Background: The gravity of the problem: To look for a solution, we first need to understand how serious this problem is. Breaches in data security and loss of data could spell imminent demise for many small companies. According to the National Archives & Records Administration in Washington, 93% of companies that have experienced data loss resulting in ten or more days of downtime have filed for bankruptcy within a year. 50% wasted no time and filed for bankruptcy immediately and 43% that have no data recovery and business continuity plan go out of business following a major data loss. In the past, small- to medium-businesses (SMBs) thought that data security problems were reserved for large corporations, but cyber criminals are finding out that SMBs are more complacent in securing their data thus making themselves easier targets. More importantly, the lightly guarded SMBs can provide backdoor access to the large entities hackers really want to hit. Fewer than half of the SMBs surveyed said they back up their data every week. Only 23% have a plan for data backup and business continuity. That is why the number of cyber attacks on SMBs has doubled in the recent past.

Causes of lost data: Loss of data can be attributed to two factors.

• Breach of data security: As we discussed above, theft is the main reason for loss of data. Hackers can get into networks by installing their own software hidden inside emails and other Web content. They take over PCs and networks and then access files containing personal information. They can then use that information to empty people’s bank accounts and exploit data for other purposes.

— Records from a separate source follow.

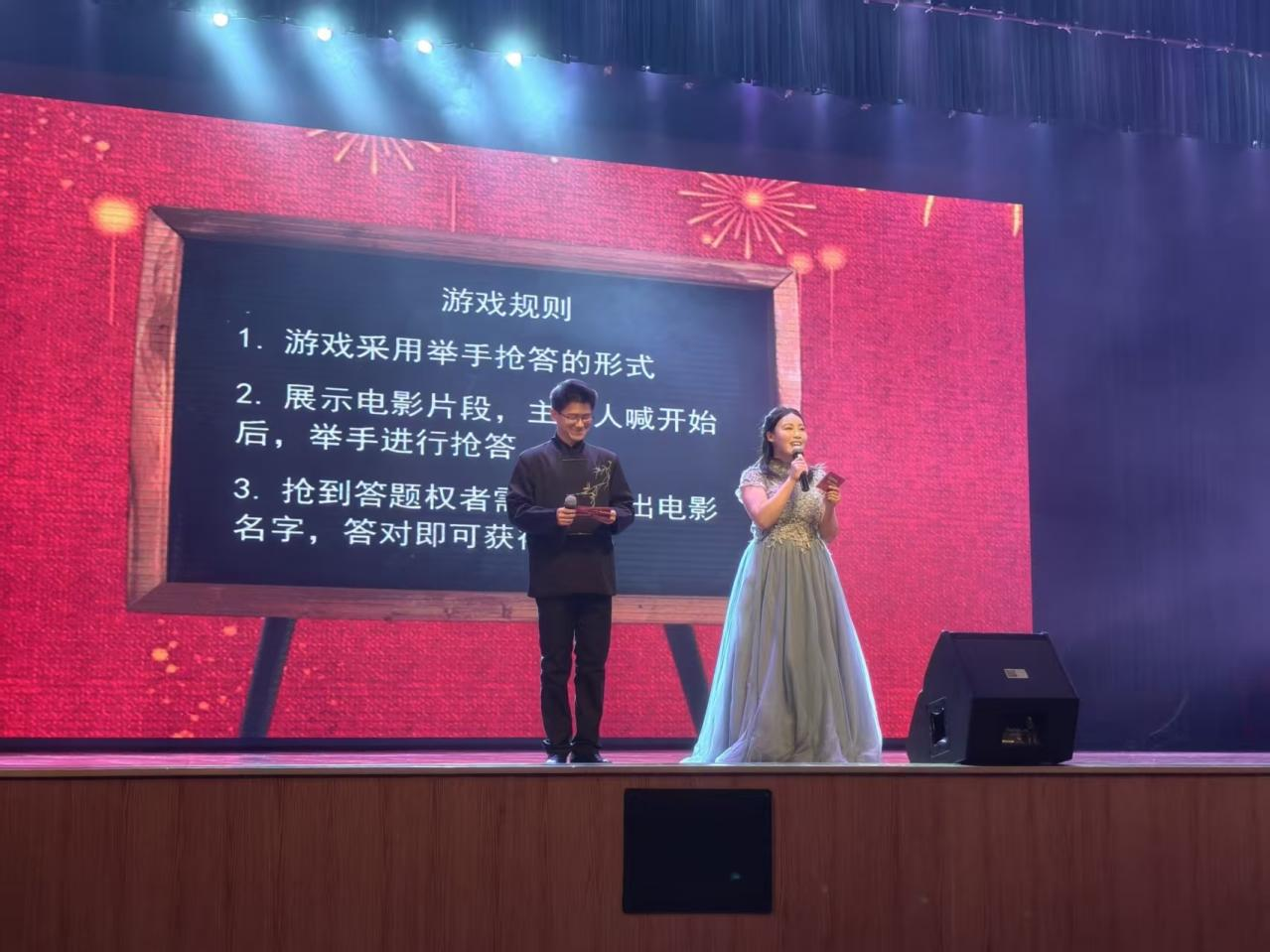 晚会中场设置了看片段猜电影、听音频猜歌曲的互动游戏和激动人心的抽奖环节,奖品包括音箱、书包、笔记本等,现场员工纷纷抢答、互动。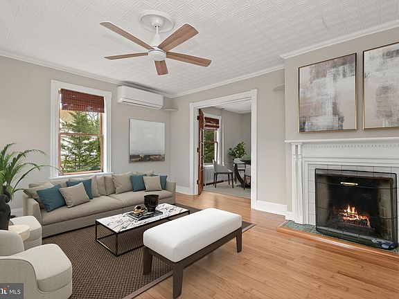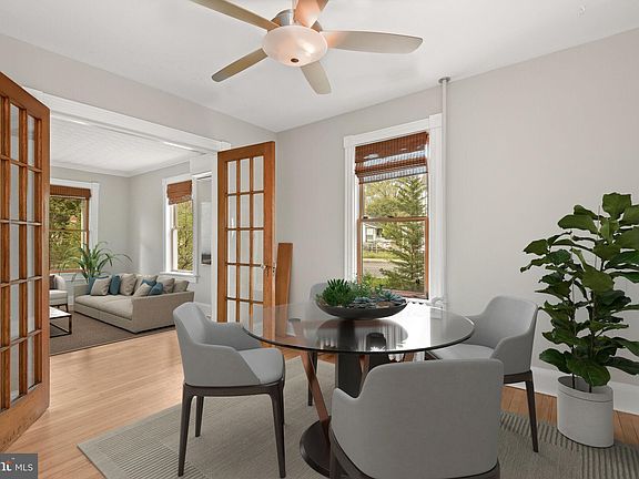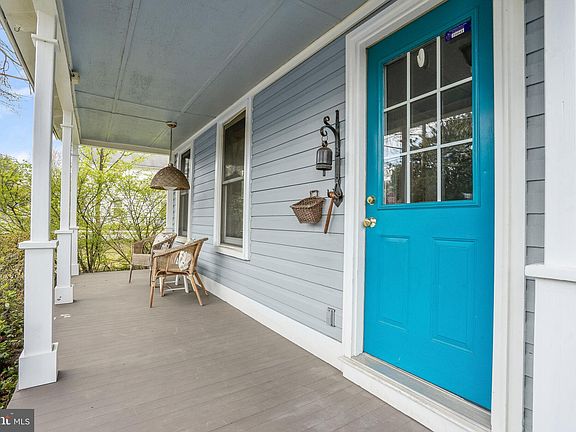 Step into the charm of yesteryear with this captivating 1909 Victorian-style home. Nestled on a picturesque corner lot spanning nearly half an acre adorned with lush gardens and fruit trees, yet conveniently located mere minutes from Washington DC. This meticulously maintained residence boasts timeless details including a covered front porch, crown molding, detailed ceiling designs, and hardwood flooring throughout, complemented by modern updates. The inviting living room, painted in a soft neutral hue, features a cozy wood-burning fireplace and seamlessly flows into the dining room through elegant French doors. The kitchen showcases white cabinetry, a mosaic-tiled backsplash, and recently replaced stainless steel appliances, while a spacious main level flex space offers versatility as a third bedroom, enhanced by a vaulted ceiling and adjacent half bath. A laundry room and mud room combination add convenience and functionality. Upstairs, the primary bedroom boasts a cedar closet and additional closet space, accompanied by a second bedroom and a full bath with updated fixtures. A screened porch with a cathedral ceiling provides the perfect retreat for enjoying the serene surroundings. Outside, the fenced property offers decking, mature landscaping, garden beds, and an array of fruit trees including apple, pear, cherry, and persimmon, while a storage shed with electric adds convenience. With a convenient driveway for parking, this enchanting home is a rare find blending historic charm with modern comforts. Property Updates: Water heater 2016, Ac and porch 2020, Updated front porch 2019, Windows previously updated, Boiler 2020, Stove and dishwasher 2022, Driveway 2015, and Dog pen.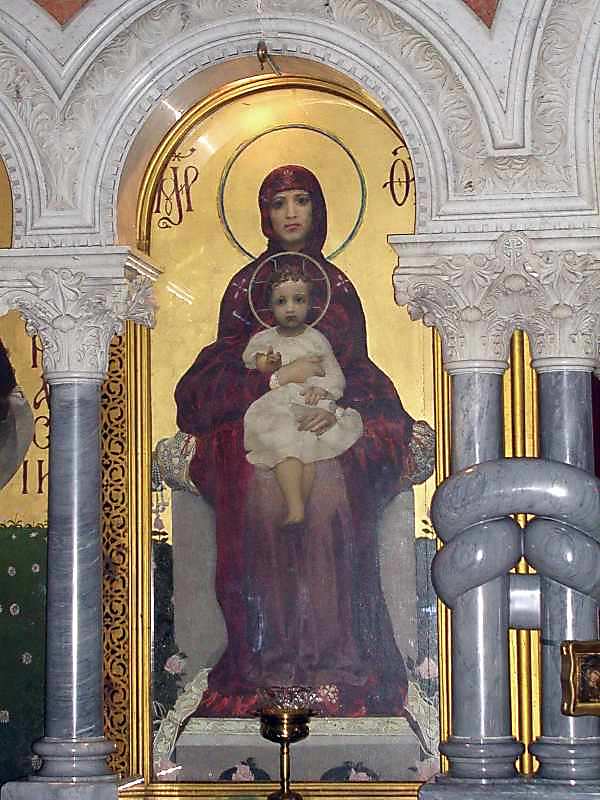 Богородиця Одигітрія Розмір зображення: 600:800 піксел 15 листопада 2005 р. Фото М.І.Жарких. Вкладені елементи 1976 р. Загальний вигляд Півпостать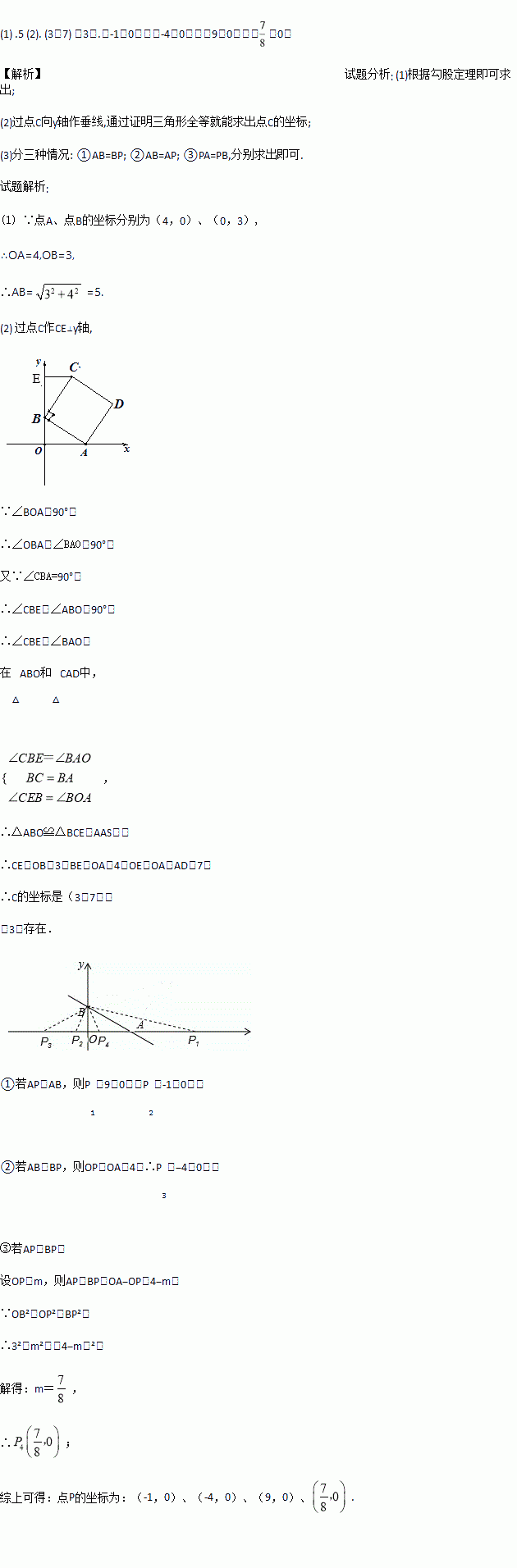 如图1,在平面直角坐标系中,点A、点B的坐标分别为(4,0)、(0,3).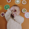 Senzorické chrastítko z této kolekce je perfektní volbou pro nejmenší od 6 měsíců. Vyrobeno z vysoce kvalitního bukového dřeva, má kulatý tvar připomínající koblihu s chrastící náplní uvnitř. Malé korálky a barevné prvky ve tvaru ovoce a zeleniny se pohybují a vytvářejí jemné zvuky, které stimulují dětské smysly. Přírodní dřevo je bezpečné a snadno se uchopí.
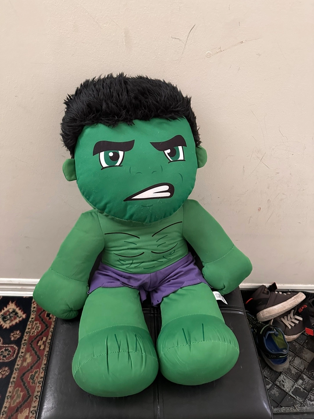 Giant Hulk plush. Green, large, and huggable. Purple shorts. Great for kids or collectors.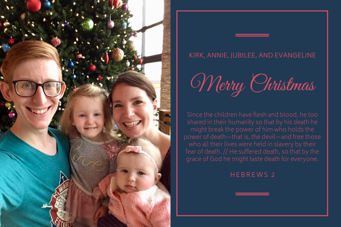 The most important event for our family from this past year was the arrival of Evangeline on March 26th. Her name comes from the Latin word for “Gospel,” which refers to the good news about what Christ has done to save his people from their sins through his death on the cross. For her middle name, Alice, she is named after her now late maternal great-grandmother.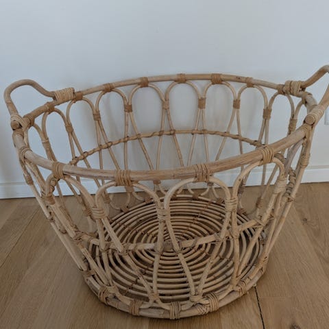 Kurv i bambus. 50cm i diameter og 40cm i højden.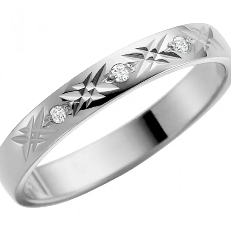 Förlovningsring eller vigselring från Schalins ringar. Ring med kryssmönster och tre små diamanter.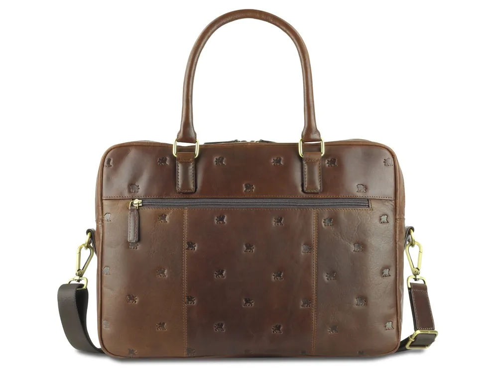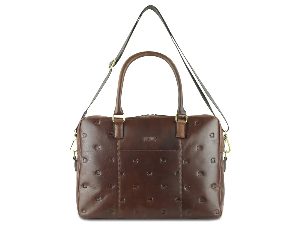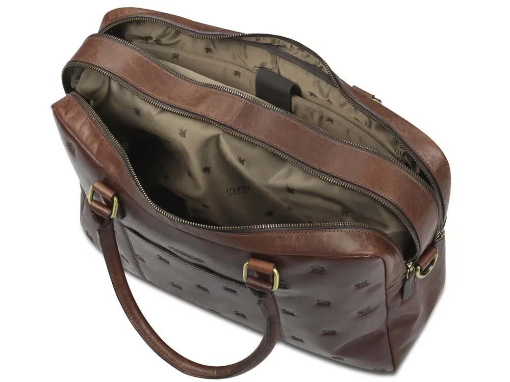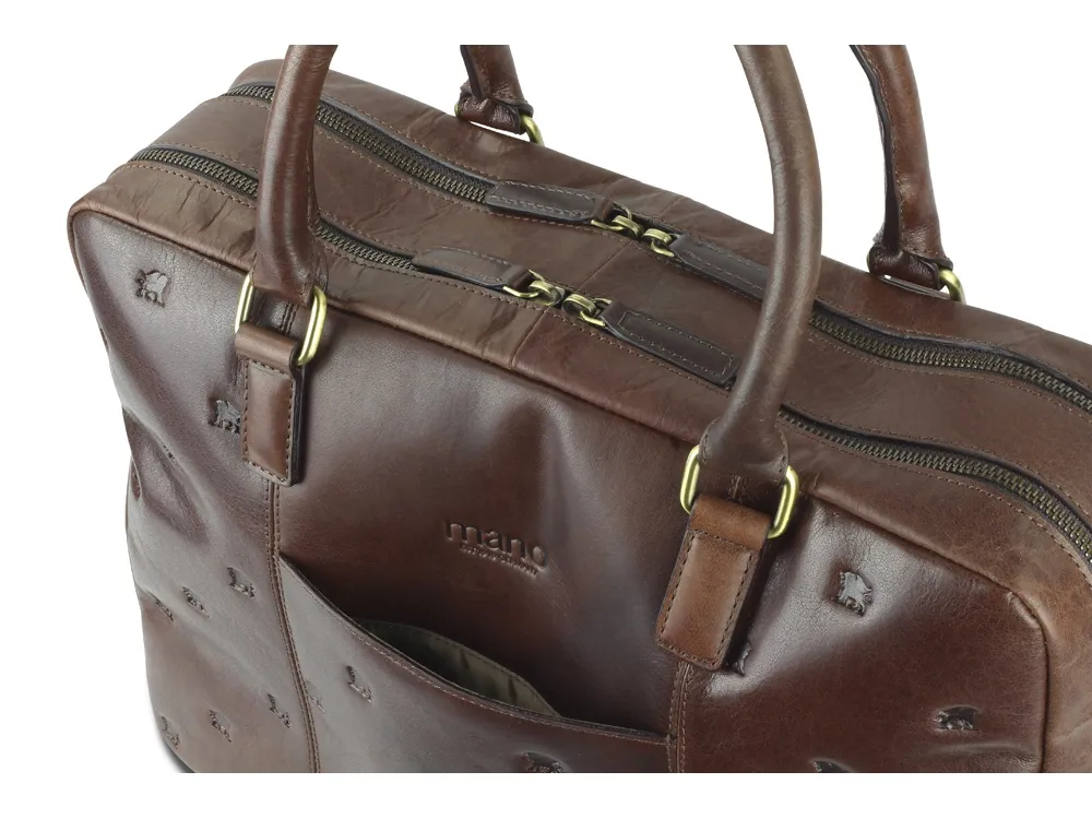 Коллекция «DON LEON» - квинтэссенция инноваций бренда MANO 1919®. Все изделия коллекции изготовлены вручную из высококачественной натуральной кожи буйвола в роскошном коричневом цвете. Элегантное тиснение в виде льва и изящный логотип подчеркивают индивидуальный стиль коллекции. MANO 1919 ®. Бизнес-сумка M191920941 Эстетика и практичность: бизнес-сумка M191920941 отличается элегантным стилем и удобной организацией внутреннего пространства. Вместительные отделения для документов и ноутбука и дополнительные карманы обеспечивают идеальное хранение необходимых вещей. Бизнес-сумка станет незаменимым компаньоном для мужчин, которые ценят удобство и комфорт. Благодаря классической форме и роскошному коричневому цвету бизнес-сумка является привлекательным спутником в повседневной жизни. Размеры: 30 см (В) x 42 см (Ш) x 11,5 см (Г) Материал: натуральная кожа буйвола Особенности: • 2 основных отделения на молнии с внутренним карманом на молнии • Дополнительное отделение • Мягкое отделение для ноутбука диагональю 13″ • Карман для мобильного телефона и 2 отделения для ручек • Задний карман на молнии • Съемный регулируемый плечевой ремень до 145 см • Ремень для крепления к телескопической ручке чемодана • Первоклассная кожа, качественная подкладка и надежные застежки на молнии гарантируют долговечность изделия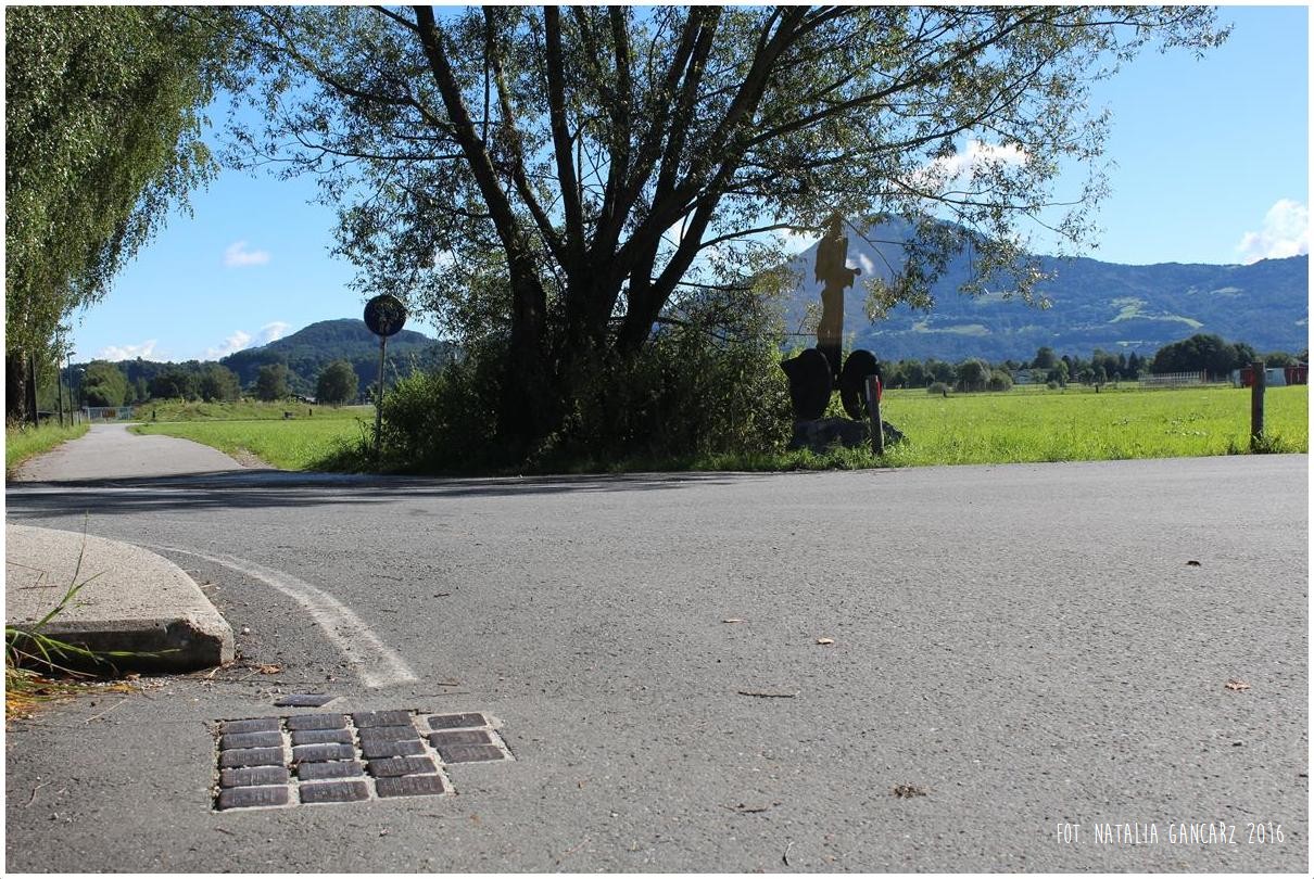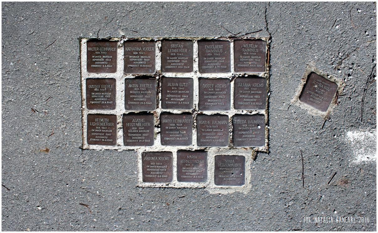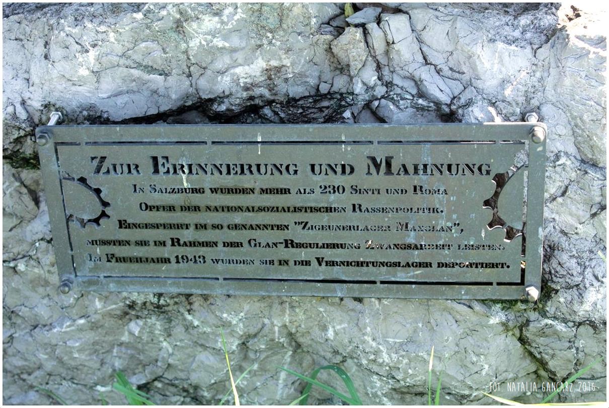 (Dla pamięci i przestrogi. / W Salzburgu było ponad 230 Sintów i Romów / ofiar polityki rasowej narodowego socjalizmu. / Zamknięci w tak zwanym „Obozie cygańskim Maxglan”, / poddani pracy przymusowej w Glan-Regulierung. / Wiosną 1943 zostali wywiezieni do obozów zagłady.)

• Human error and employee negligence: Humans still have to instruct technology to perform as desired. Examples of negligence include unattended computer systems, weak passwords, opening email attachments or clicking the hyperlinks in spam and visiting restricted websites. Fortunately, this type of loss of data is easily preventable, but it is just as detrimental and can bring your business to a halt. Downtimes can be very harmful to your business continuity and revenue.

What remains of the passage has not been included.